== DATA ==
##########

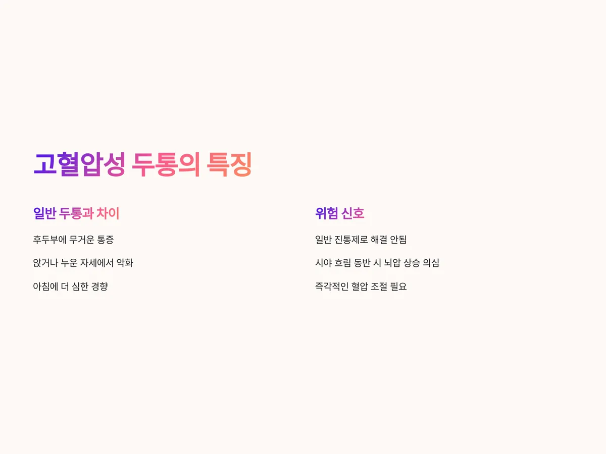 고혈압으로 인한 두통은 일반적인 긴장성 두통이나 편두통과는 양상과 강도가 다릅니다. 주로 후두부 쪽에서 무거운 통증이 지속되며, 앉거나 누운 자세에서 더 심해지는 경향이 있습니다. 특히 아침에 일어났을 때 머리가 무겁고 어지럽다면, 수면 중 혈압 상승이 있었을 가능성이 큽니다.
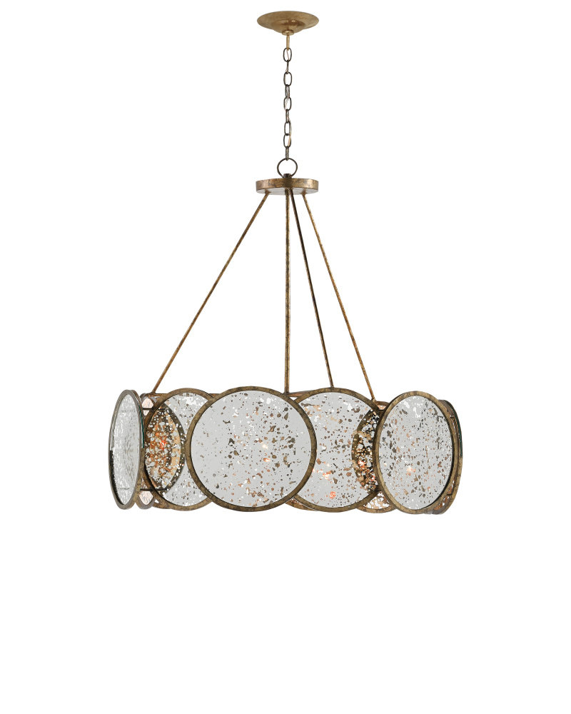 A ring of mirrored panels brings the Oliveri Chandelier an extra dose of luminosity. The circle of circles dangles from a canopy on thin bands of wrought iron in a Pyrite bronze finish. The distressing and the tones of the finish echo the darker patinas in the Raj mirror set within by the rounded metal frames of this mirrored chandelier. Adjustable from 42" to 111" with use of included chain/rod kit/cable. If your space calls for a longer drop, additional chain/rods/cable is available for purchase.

##########

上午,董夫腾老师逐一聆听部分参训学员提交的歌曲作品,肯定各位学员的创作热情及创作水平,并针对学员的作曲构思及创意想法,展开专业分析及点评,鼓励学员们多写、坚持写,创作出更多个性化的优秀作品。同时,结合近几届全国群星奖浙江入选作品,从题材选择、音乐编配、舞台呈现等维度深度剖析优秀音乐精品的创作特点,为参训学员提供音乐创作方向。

##########

== TO DO ==
Would you copy, word for word, only the lines above from the one containing "고혈압으로 인한 두통은" through the one containing "A ring of mirrored", both included, and please leave out the pictures?

== OUTPUT OF THE TASK ==
 고혈압으로 인한 두통은 일반적인 긴장성 두통이나 편두통과는 양상과 강도가 다릅니다. 주로 후두부 쪽에서 무거운 통증이 지속되며, 앉거나 누운 자세에서 더 심해지는 경향이 있습니다. 특히 아침에 일어났을 때 머리가 무겁고 어지럽다면, 수면 중 혈압 상승이 있었을 가능성이 큽니다.
 A ring of mirrored panels brings the Oliveri Chandelier an extra dose of luminosity. The circle of circles dangles from a canopy on thin bands of wrought iron in a Pyrite bronze finish. The distressing and the tones of the finish echo the darker patinas in the Raj mirror set within by the rounded metal frames of this mirrored chandelier. Adjustable from 42" to 111" with use of included chain/rod kit/cable. If your space calls for a longer drop, additional chain/rods/cable is available for purchase.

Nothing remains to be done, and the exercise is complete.